Младенец Астианакс и микроволновка

Пропалестинский митинг в Нью-Йорке. Фото: Zuma / TASS

18+. НАСТОЯЩИЙ МАТЕРИАЛ (ИНФОРМАЦИЯ) ПРОИЗВЕДЕН, РАСПРОСТРАНЕН И (ИЛИ) НАПРАВЛЕН ИНОСТРАННЫМ АГЕНТОМ ЛАТЫНИНОЙ ЮЛИЕЙ ЛЕОНИДОВНОЙ ИЛИ КАСАЕТСЯ ДЕЯТЕЛЬНОСТИ ИНОСТРАННОГО АГЕНТА ЛАТЫНИНОЙ ЮЛИИ ЛЕОНИДОВНЫ.

В США и в Европе опять протестуют студенты. Так же, как в 1968 году. И так же, как в 1968 году, это очень важно. Потому что те студенты, которые протестовали в 1968-м, выросли и построили современную Европу. Где очень хорошо и приятно жить (пока, конечно, не зайдешь в мусульманский квартал), но экономика — в стагнации, где цифровая революция вообще не привела к появлению никаких европейских крупных интернет-компаний, где, чтобы завести бизнес, надо преодолеть такую полосу бюрократических барьеров, что замок Кафки отдыхает. Но жить очень приятно. На наследии предков. Как в анекдоте. «Как вам удалось стать миллионером?» — «Видите ли, папа мой был миллиардер…»

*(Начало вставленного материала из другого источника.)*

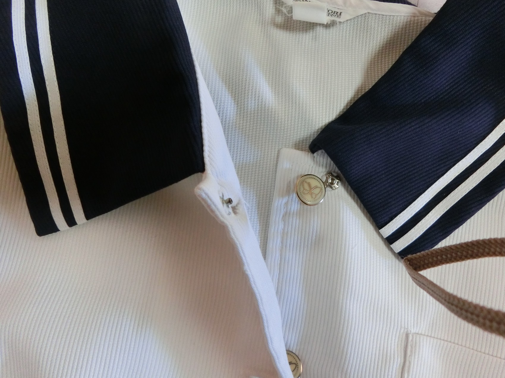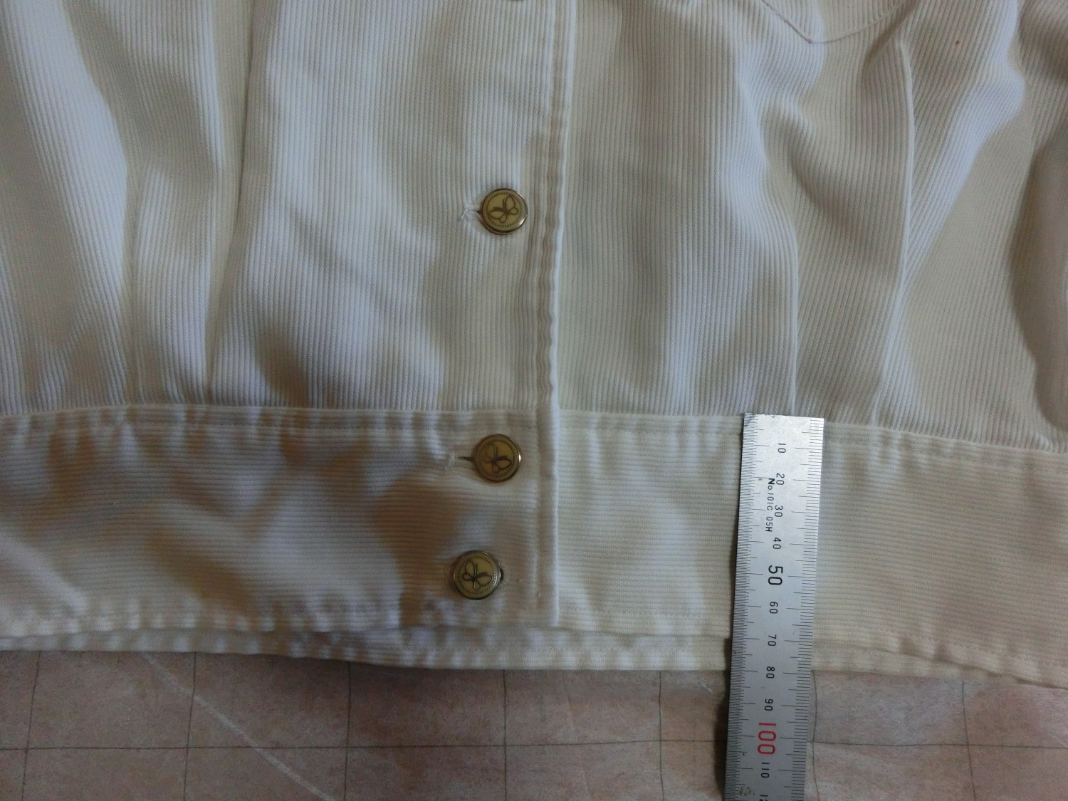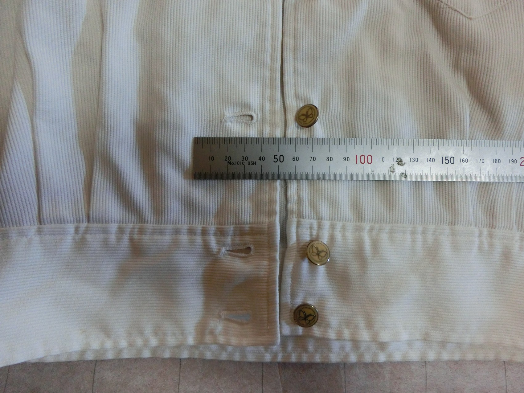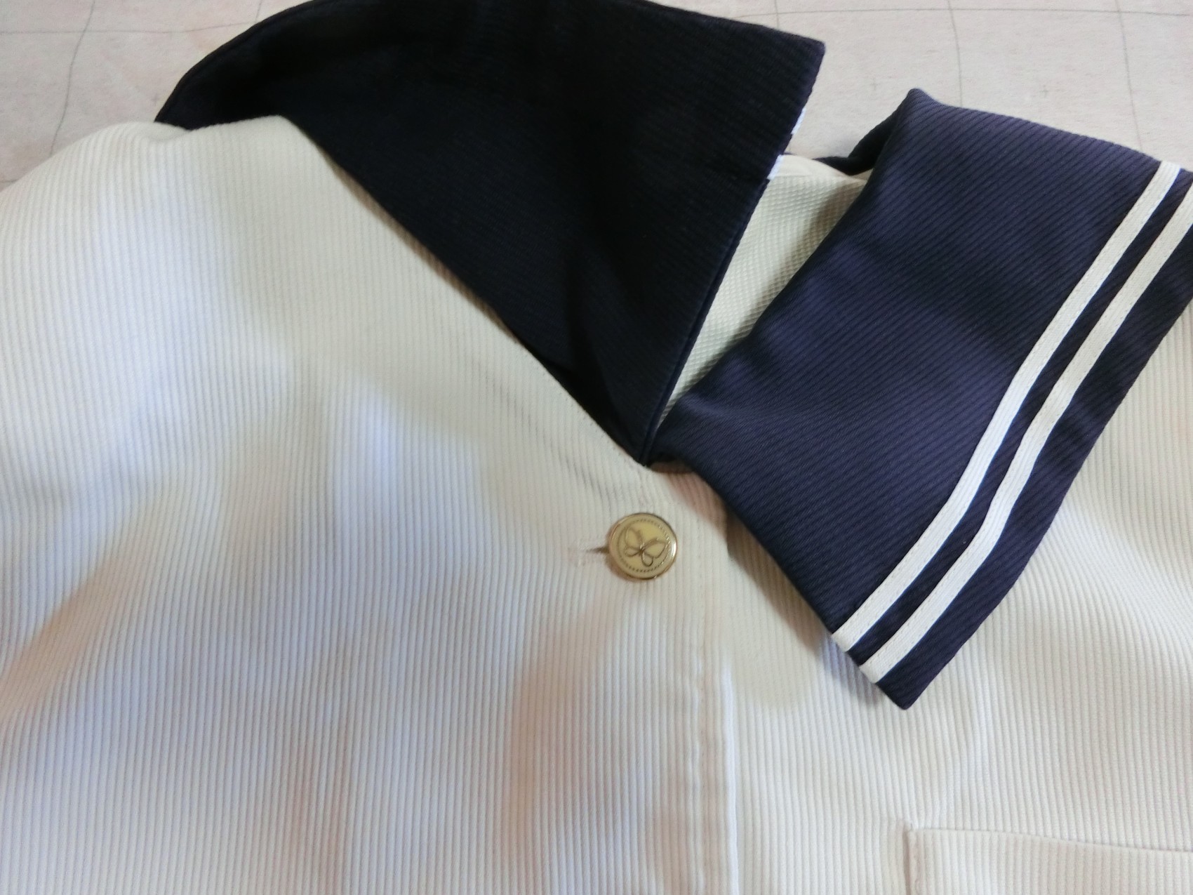 ボタンは蝶のマークがはいった樹脂製

Так что мы можем не сомневаться, что те, кто протестует сейчас в Колумбии и MIT, — это и есть будущее не то что США, а всего Запада. Всей той европейской культуры, которая когда-то вела путем науки, прогресса и свободы. Которая была для Петра I образцом для подражания. Которая давала легкий ответ на вопрос любым азиатским реформаторам: а что делать? Ответ — делать, как в Европе.

Что можно об этих протестах сказать?

Прежде всего, начну с мелочей, но важных.

Первое. Эти протесты — физиология.

Современный человек не поспевает за своей биологией. Когда он генетически формировался, 18 лет, — это был прайм-тайм. В 18 лет ты был самый зоркий охотник, новый альфа-самец, и все самки были твои. Ну если не в 18, то в 25. А сейчас, в современном мире, ты, за редким исключением, в 25 — прыщавый юнец, тестостерон брызжет из ушей, а ты сидишь за партой и перебираешь бумажки о гендерном равноправии. А генетическая программа — отменить старших и занять их место — работает. Она никуда не делась. И если ты не можешь стать альфа-самцом в одиночку, как Илон Маск или Павел Дуров, то ты сбиваешься в стаю и «отменяешь» тех, кто наверху.

Эту генетическую программу использовали все тоталитарные движения мира. От комсомольцев до хунвейбинов. Если у тебя есть, что создать, — ты создаешь. Если нет — ты отменяешь. Ты делаешь Культурную Революцию.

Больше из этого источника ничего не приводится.